- SUPPLIED RECORDS:
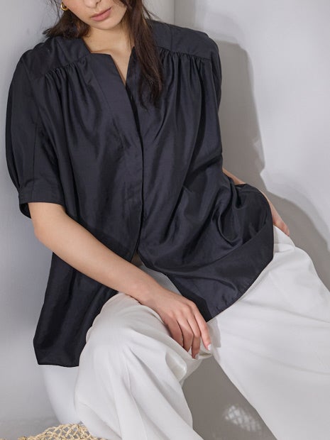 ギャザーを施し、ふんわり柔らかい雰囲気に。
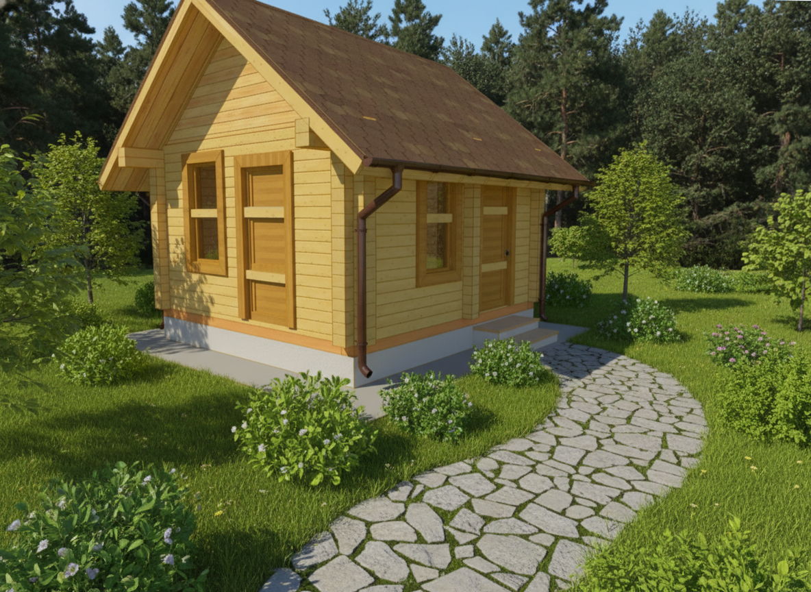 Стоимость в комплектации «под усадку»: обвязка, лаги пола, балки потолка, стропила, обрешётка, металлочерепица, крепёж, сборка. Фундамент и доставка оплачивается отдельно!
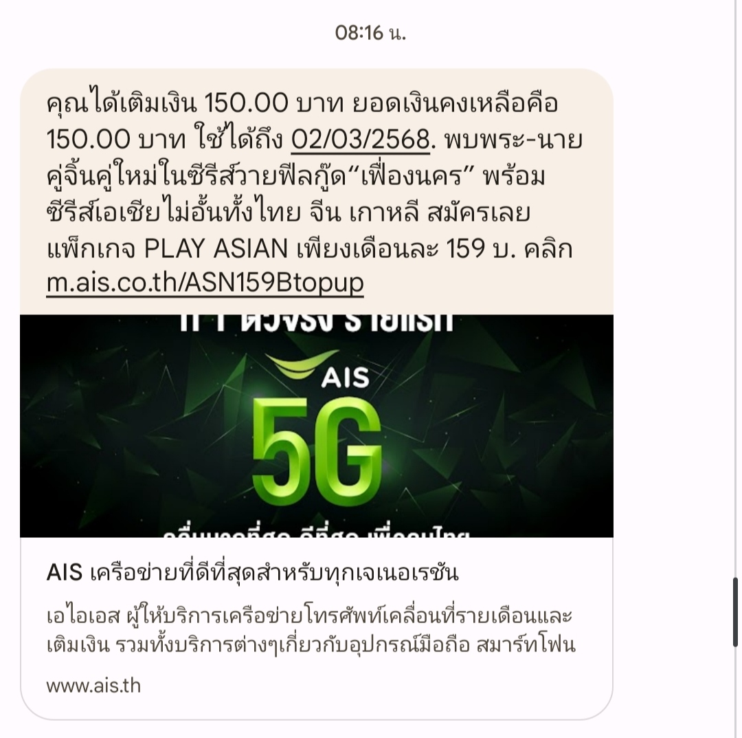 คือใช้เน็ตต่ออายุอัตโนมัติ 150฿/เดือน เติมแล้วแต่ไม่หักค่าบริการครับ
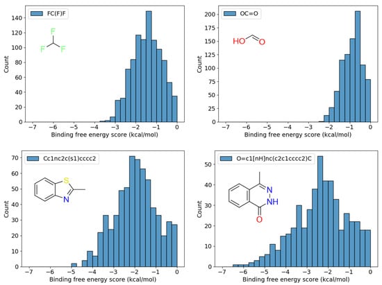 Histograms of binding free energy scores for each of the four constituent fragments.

...

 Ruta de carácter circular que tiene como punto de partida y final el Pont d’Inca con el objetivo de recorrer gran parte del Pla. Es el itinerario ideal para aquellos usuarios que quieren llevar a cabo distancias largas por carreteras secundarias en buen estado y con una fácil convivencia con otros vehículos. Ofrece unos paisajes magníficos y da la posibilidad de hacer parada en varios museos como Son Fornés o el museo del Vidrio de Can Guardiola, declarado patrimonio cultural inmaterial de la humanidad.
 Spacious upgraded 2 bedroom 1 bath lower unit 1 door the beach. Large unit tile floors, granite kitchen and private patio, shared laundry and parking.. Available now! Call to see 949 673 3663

---

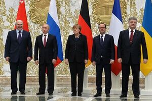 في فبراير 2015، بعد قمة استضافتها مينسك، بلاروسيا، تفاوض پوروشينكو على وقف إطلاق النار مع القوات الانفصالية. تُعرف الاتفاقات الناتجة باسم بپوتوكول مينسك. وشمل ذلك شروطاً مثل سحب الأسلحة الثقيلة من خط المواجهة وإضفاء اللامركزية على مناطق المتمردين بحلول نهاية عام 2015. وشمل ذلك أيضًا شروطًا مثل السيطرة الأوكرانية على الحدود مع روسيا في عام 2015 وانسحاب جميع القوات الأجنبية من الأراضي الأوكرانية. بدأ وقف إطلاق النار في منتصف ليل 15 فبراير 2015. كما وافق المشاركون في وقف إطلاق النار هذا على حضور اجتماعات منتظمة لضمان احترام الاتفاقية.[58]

- AIM OF THE TASK: Starting at the line above with "ギャザーを施し、ふんわり柔らかい雰囲気に。", output every line exactly up to and including the line with "Histograms of binding", but none of the pictures.

- SOLUTION FOR THIS EXERCISE:
 ギャザーを施し、ふんわり柔らかい雰囲気に。
 Стоимость в комплектации «под усадку»: обвязка, лаги пола, балки потолка, стропила, обрешётка, металлочерепица, крепёж, сборка. Фундамент и доставка оплачивается отдельно!
 คือใช้เน็ตต่ออายุอัตโนมัติ 150฿/เดือน เติมแล้วแต่ไม่หักค่าบริการครับ
 Histograms of binding free energy scores for each of the four constituent fragments.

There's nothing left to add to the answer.